How many would you say that you sell /yr at $7.50.

I took 7 RR with me down to the local corner this weekend where I sell every Sat. I sold $209 worth of honey. I only sold 2 RR at $5 each. So $10 in RR and $199 in liquid honey. If my prices where higher I don't think I'd sell any...Maybe its location dependant.


----------



## John F (Dec 9, 2005)

JC said:


> My opportunity costs are very high since I can make more money in less time and with less effort in accounting and tax planning.


What a fun conversation this comment could start.
Perhaps opportunity cost isn't measured in just money and effort...



Dan Williamson said:


> ...Maybe its location dependant.


It's market dependant. I suspect that the folks you get stopped at the corner are doing so specifically for their everyday liquid honey needs. The comb honey crowd hasn't found you yet. Put a big sign out that says "I have comb honey too!" up the road a bit and let us know if things change. Give it a month of Sundays.

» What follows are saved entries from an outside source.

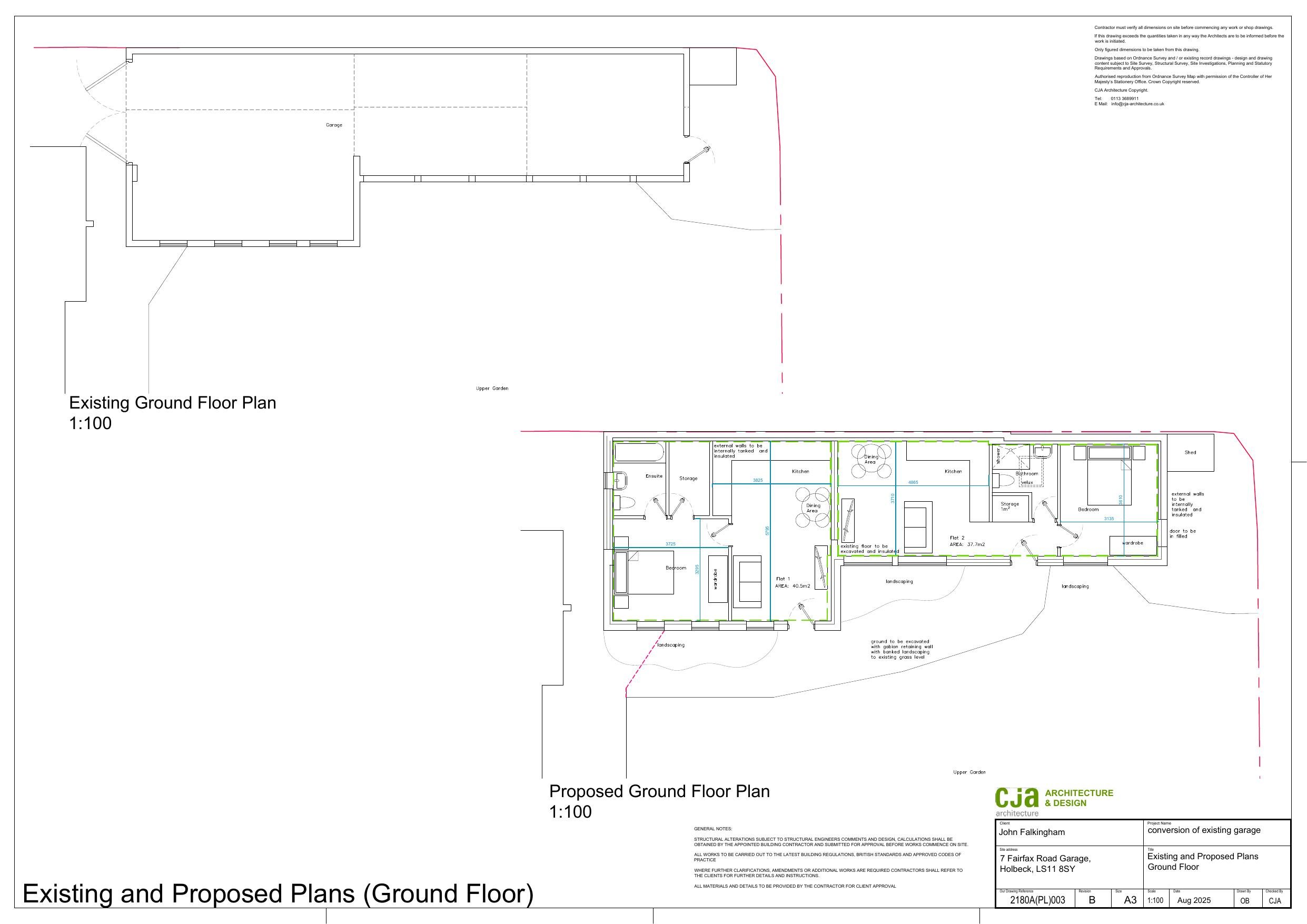 Convert existing garage into two flats with fenestration and landscaping works.
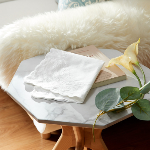 生活の中で実際に使うハンカチを想定した、使いやすい大判サイズで、周囲はレースのような優雅なフリル仕上げ。
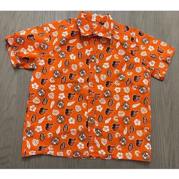 Baltimore Orioles Orange S/S Hawaiian Button Up Shirt Medium
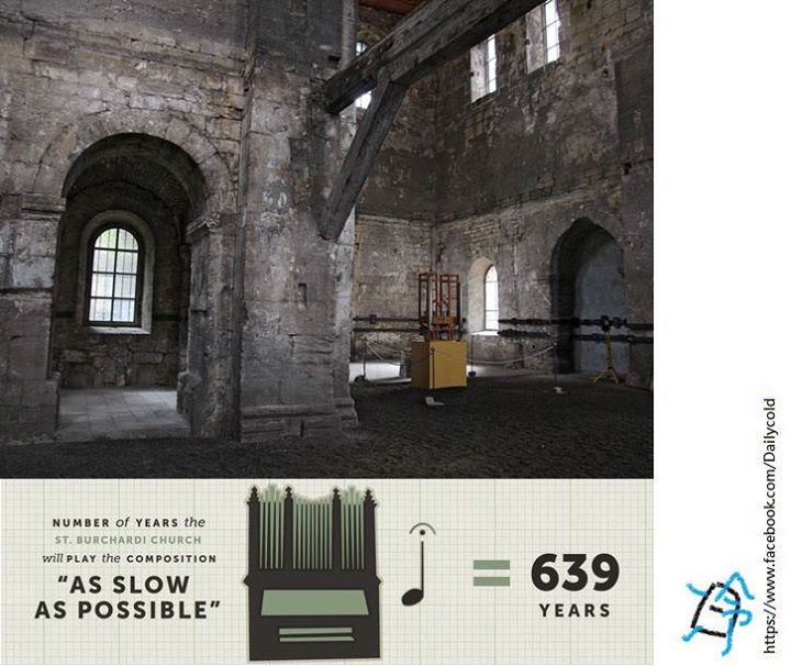在德國哈伯斯塔(Halberstadt)小鎮的聖布爾赫德教堂(St. Burchardi church)裡,世界上最著名的「慢歌」正在慢慢的被演奏著。為什麼著名呢?因為這是史上最慢的音樂了,它到現在還沒被演奏完。

Something else, comb honey isn't the norm anymore, as JC mentioned. Tap into impulse buyers. Infrequent farmers markets or markets that see a fair share of tourist traffic would be good. Put up your booth near the local history museum and show folks how honey used to be sold. Make a "then and now" package with a bit of comb honey and a bit of extracted honey.

For Chef, you have a jewel in Pike's Market.


----------